Set down all of the data exactly. Pictures stay out of the copy.

Data records
● ● ● ● ●
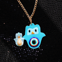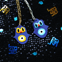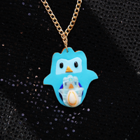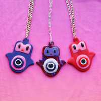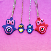 Let us know what colours you'd like used for your penguin and evil eye and your custom Hamsa will be handmade to order with the option as a statement necklace, wall-hanging, or keychain. All necklaces are presented on 14k Cuban chain to make a wintery protective statement piece.
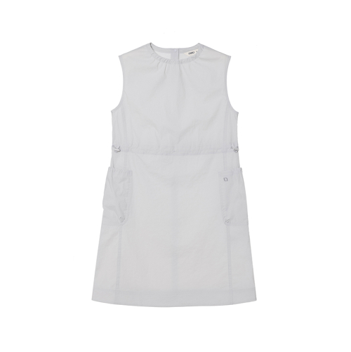 자연스러운 실루엣으로 편안하게 착용할 수 있는 아동용 민소매 원피스입니다.
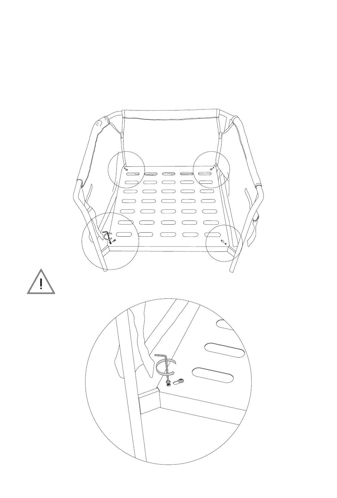 Gently secure the front legs (B) and back legs (C) to the frame (A) by fastening the screws (J)
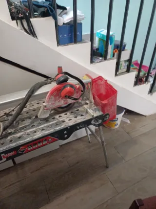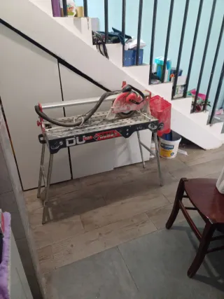 Cortadora de azulejos Rubi DU-200, ideal para trabajos de alicatado. - Disco de corte incluido. - Protector de disco. - Patas plegables para fácil transporte y almacenamiento.
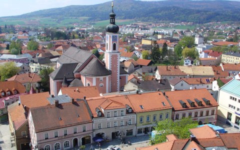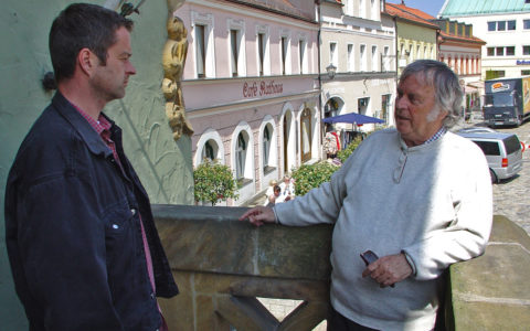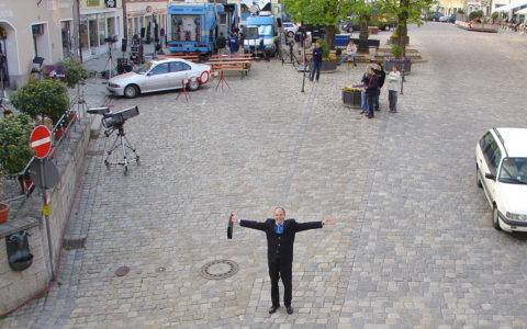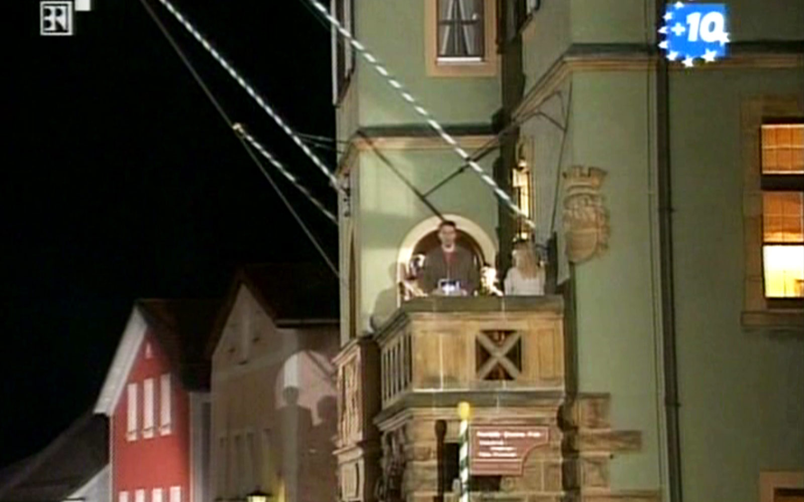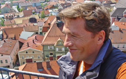 Furth im Wald im besten Licht! Aus einer mittelalterlichen Kulisse kommt Scheider spaziert wie Karl aus dem Karton. Und während der Beitrag läuft, hetzen wir binnen zwei Minuten auf den Balkon des Rathauses.
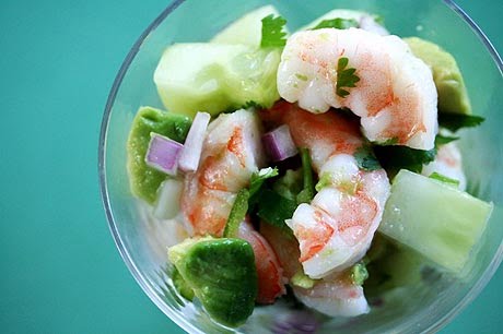 With the warm days of summer upon us, a great way to cool off is with ceviche. Ceviche is typically made with red snapper that is "cooked" by the acidity of lime and lemon juice (see this ceviche recipe.) This version is prepared with shrimp, which is first lightly cooked, and then marinated in the citrus juice. My father, who generally doesn't really like shrimp that much, loved this ceviche. (Gotta love it when they eat it up and ask for more.)
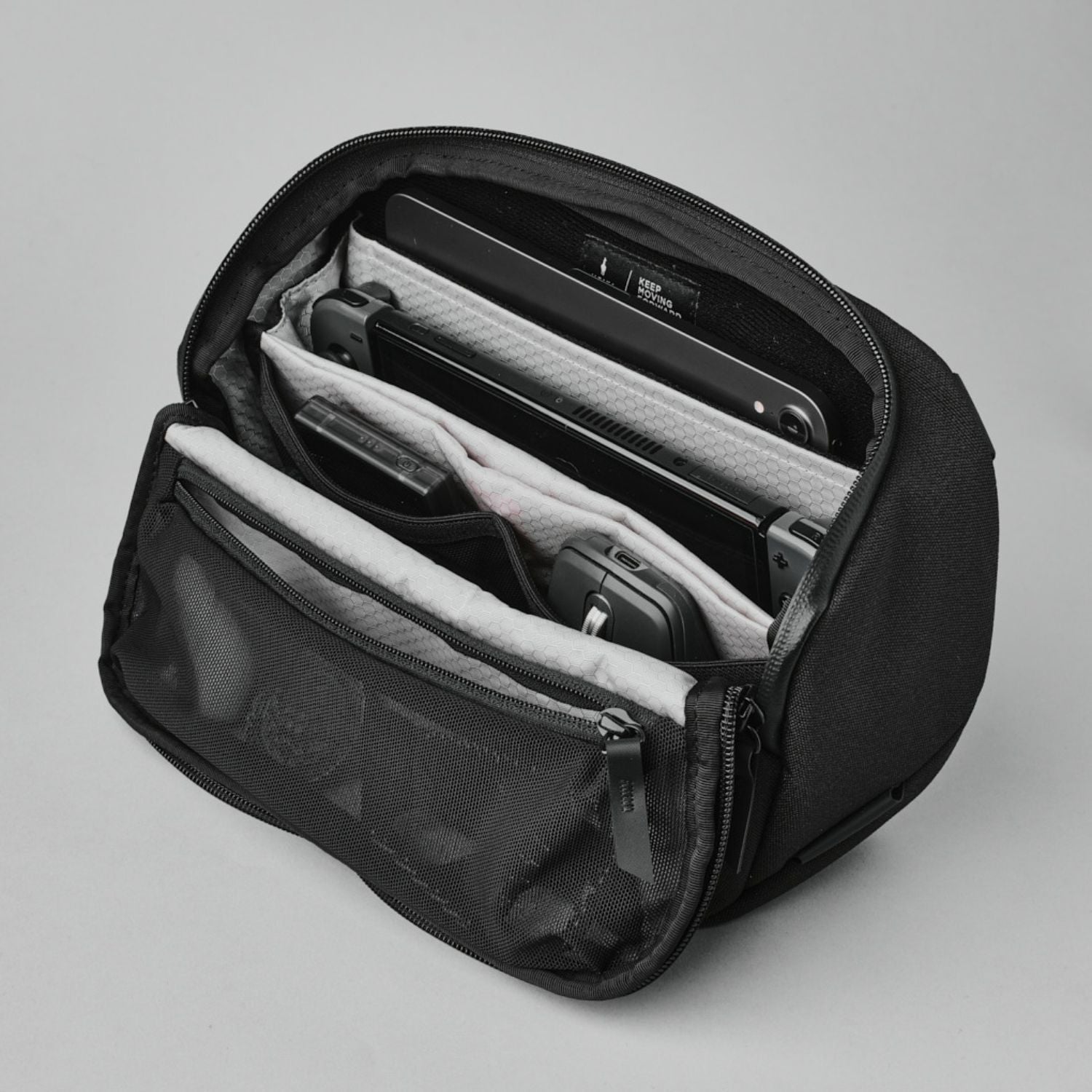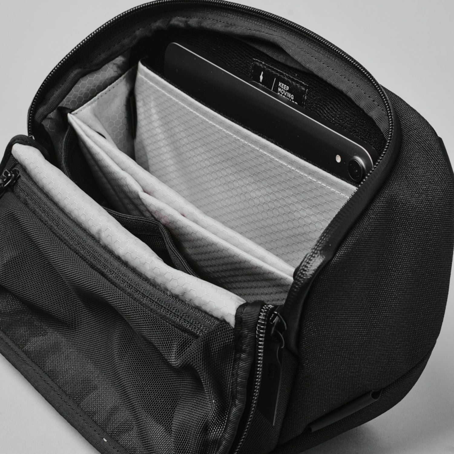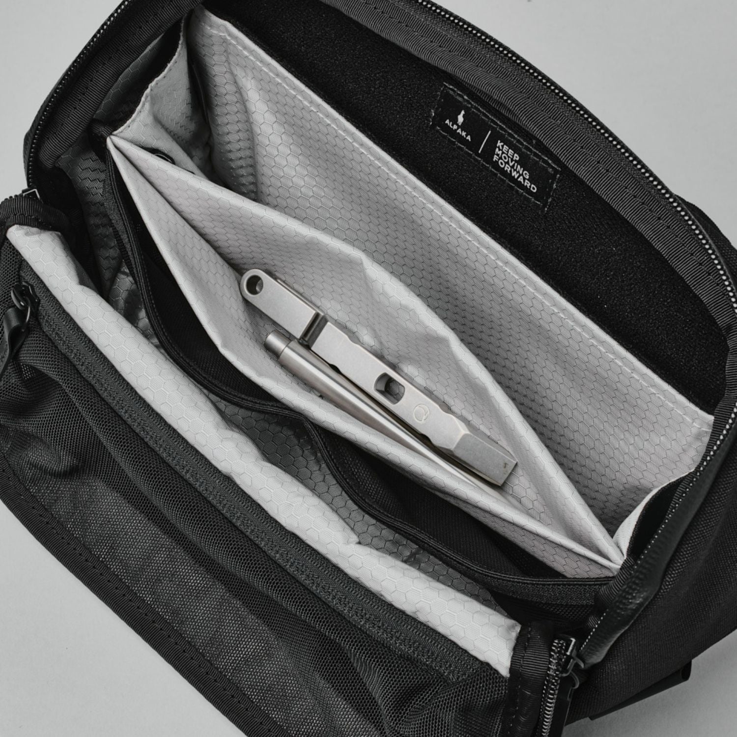 Lynlåsåbningen til hovedrummet er intuitivt placeret på oversiden, og det U-formede design giver nem adgang til indholdet. Det gælder også en indvendig lomme øverst i hovedrummet, som er ideel til opbevaring af batterier, SD-kort eller andet småt kameratilbehør.
● ● ● ● ●
Task output |
 Let us know what colours you'd like used for your penguin and evil eye and your custom Hamsa will be handmade to order with the option as a statement necklace, wall-hanging, or keychain. All necklaces are presented on 14k Cuban chain to make a wintery protective statement piece.
 자연스러운 실루엣으로 편안하게 착용할 수 있는 아동용 민소매 원피스입니다.
 Gently secure the front legs (B) and back legs (C) to the frame (A) by fastening the screws (J)
 Cortadora de azulejos Rubi DU-200, ideal para trabajos de alicatado. - Disco de corte incluido. - Protector de disco. - Patas plegables para fácil transporte y almacenamiento.
 Furth im Wald im besten Licht! Aus einer mittelalterlichen Kulisse kommt Scheider spaziert wie Karl aus dem Karton. Und während der Beitrag läuft, hetzen wir binnen zwei Minuten auf den Balkon des Rathauses.
 With the warm days of summer upon us, a great way to cool off is with ceviche. Ceviche is typically made with red snapper that is "cooked" by the acidity of lime and lemon juice (see this ceviche recipe.) This version is prepared with shrimp, which is first lightly cooked, and then marinated in the citrus juice. My father, who generally doesn't really like shrimp that much, loved this ceviche. (Gotta love it when they eat it up and ask for more.)
 Lynlåsåbningen til hovedrummet er intuitivt placeret på oversiden, og det U-formede design giver nem adgang til indholdet. Det gælder også en indvendig lomme øverst i hovedrummet, som er ideel til opbevaring af batterier, SD-kort eller andet småt kameratilbehør.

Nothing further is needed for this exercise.